When Resources Minister Martin Ferguson told ABC that “the resources boom is over,” he was uttering an unwelcome truth. The government’s plan is to boost mining rates to make up in volume for what is lost in per-unit price. But a glut in supply will lower commodity prices even more. Unless the nation changes course, Australia is set to suffer the fate of all resource “boom towns.”
Here’s the situation in schematic. As economies in America and Europe stagnate due to high oil prices and too much debt, China’s exports to those countries dry up. Which means China needs less iron ore and coal from Australia.
No one is immune; the world is a system. And the system is undergoing a historic “correction.” Deutsche Bank strategist Jim Reid gave a bracing summary when he suggested the western financial world might be “totally unsustainable.”
If policy makers continue assuming that the ongoing global reset is merely another turning of the business cycle, then we lose whatever opportunity still remains to prevent financial crisis from becoming social crisis.
Unfortunately the idea that growth has limits is still a minority view. After all, in the “real” worlds of politics and economics, growth is essential to creating more jobs and increasing returns on investments. Questioning growth is like arguing against petrol at a Formula One race.

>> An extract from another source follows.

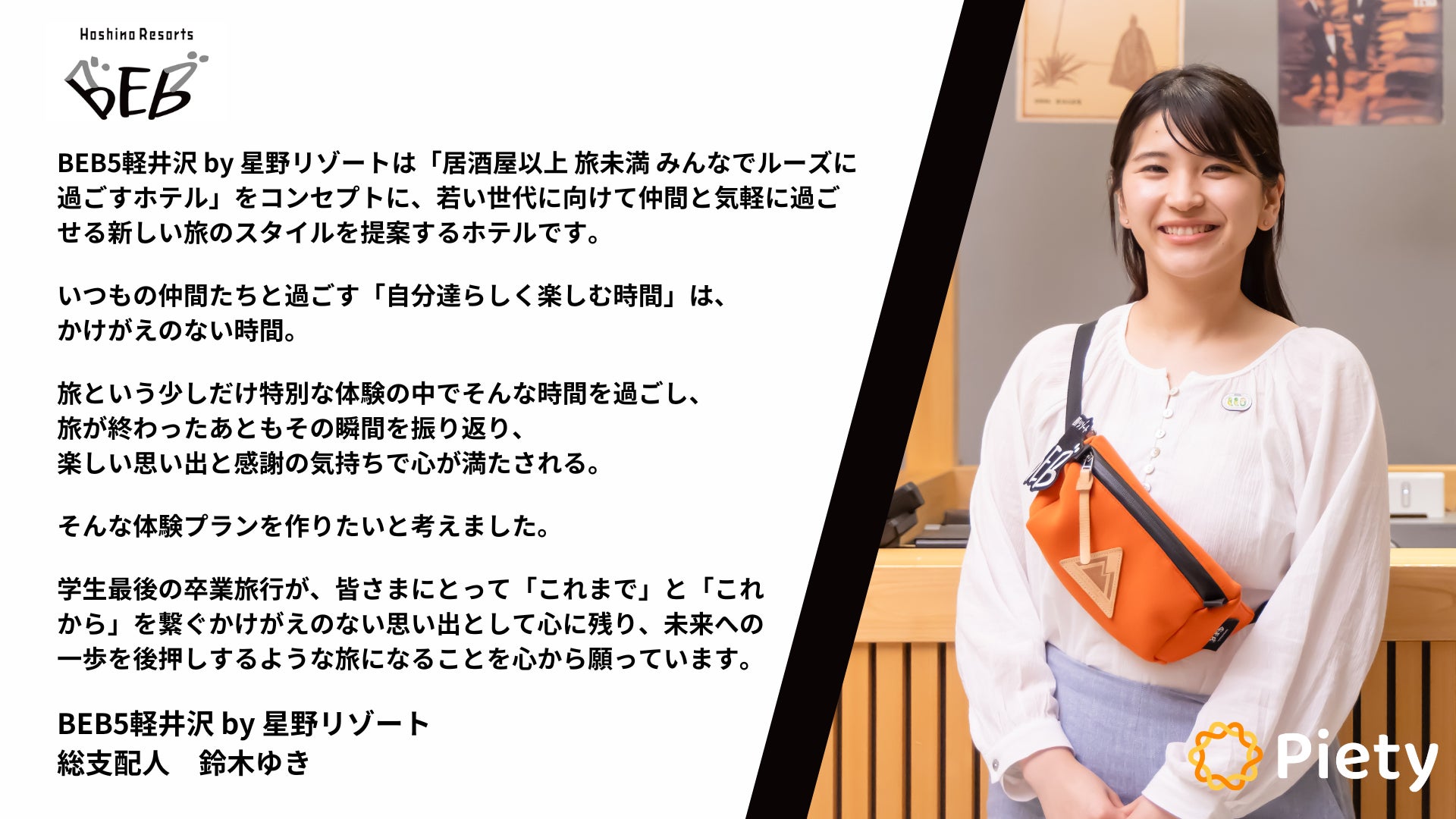 新たな出会いに心躍る一方で、大切な人との別れに涙がこぼれる卒業シーズン。「大切な人との別れを悲しい気持ちのまま終わらせるのではなく、これまでの感謝の気持ちを伝えることで、さらに絆を深める機会にしたい」というPietyの想いに、若い世代に新たな旅のスタイルを提案するBEB5軽井沢 by 星野リゾートが共感し、本プランの企画に至りました。

Keynesians believe government stimulus spending will boost employment and consumer spending, thus flipping the economy back to its “normal” expansionary setting. But bailouts and stimulus packages of the past few years have produced only anemic results, and central banks and governments can’t afford much more of the same.
Free-marketers nurture faith that if government spending shrinks, that will liberate private enterprise to grow profits and jobs. Yet countries that implement austerity programs show less economic growth than those whose governments borrow and spend—until the spending spree ends in bond market mayhem.
Neither side wants to acknowledge that its prescription no longer works because that would imply the other side is correct. But maybe both are wrong and growth is simply finished. There are, after all, limits to both resources and debt.
Admittedly this is scary business. What’s scarier still is the prospect that the economic costs of climate change could deliver the coup de grace to world economic growth sooner rather than later, as droughts and floods intensify worldwide.
There will be life after GDP growth, and if we adapt wisely it doesn’t imply misery. Indeed, if we focus on improving quality of life and protecting the environment rather than aiming to increase quantity of consumption, we could all be happier even as our economy downsizes to fit nature’s limits. But a gentle landing is unlikely absent intelligent policy and hard work.
The alarm bells are ringing. Like Americans, Europeans, and perhaps the Chinese, Australians will soon wake up to find themselves in a post-growth economy. The key questions are: What will we all do then? And, how are we preparing?